These are the key concepts you need to understand to accurately answer the question.

Proportion Test
A proportion test is a useful statistical tool for comparing two proportions to see if there's a significant difference between them. In our scenario with broilers, we want to know if the proportion of non-contaminated chickens of the Perdue brand is different from the Tyson brand. This involves calculating the sample proportion for each brand and comparing them. By setting the null hypothesis as both proportions being equal, the test aims to determine if any observed difference is due to random chance or a true difference in contamination rates.
Significance Level
The significance level, often denoted by \( \alpha \), is a critical component in hypothesis testing.
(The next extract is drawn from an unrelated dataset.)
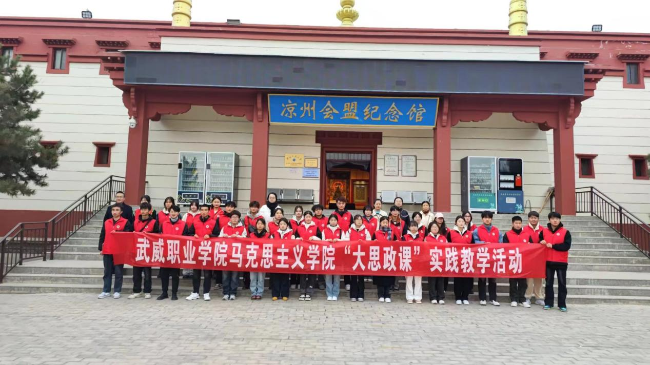 為深入貫徹落實習(xí)近平總書記關(guān)于“大思政課”的重要指示批示精神,厚植師生愛國主義情懷。11月15日,學(xué)校與涼州會盟紀(jì)念館共建“大思政課”實踐教學(xué)基地簽約掛牌儀式暨實踐教學(xué)活動在涼州會盟紀(jì)念館舉行,涼州會盟紀(jì)念館館長韓亮、副館長陳磊、學(xué)校師生代表參加了活動。馬克思主義學(xué)院副院長劉心主持活動。

It's essentially the threshold we set to decide whether to reject the null hypothesis. In this exercise, we use a significance level of 0.01, meaning we accept a 1% chance of incorrectly rejecting the null hypothesis when it's actually true. A smaller significance level, such as 0.01, provides stronger evidence against the null hypothesis if it is rejected, indicating a more reliable result.
P-value Calculation
The \( P \)-value helps us decide how likely it is that the observed data would occur if the null hypothesis were true. It's computed from the test statistic and compared against the significance level to make a decision. In the broiler contamination study, a very small \( P \)-value was calculated, indicating strong evidence against the null hypothesis. This suggests that the proportion of non-contaminated chicken differs significantly between the two brands.
Power of a Test
The power of a test is the probability that the test correctly rejects a false null hypothesis. It is fundamentally important because it tells you how likely you are to detect a difference when there is one. In hypothesis testing, it's vital to have high power to avoid Type II errors. In the exercise, the power calculation shows a high probability of correctly rejecting the null hypothesis if the true proportions are \( 0.50 \) for Perdue and \( 0.25 \) for Tyson. High power means the test is sensitive and reliable when the true difference exists.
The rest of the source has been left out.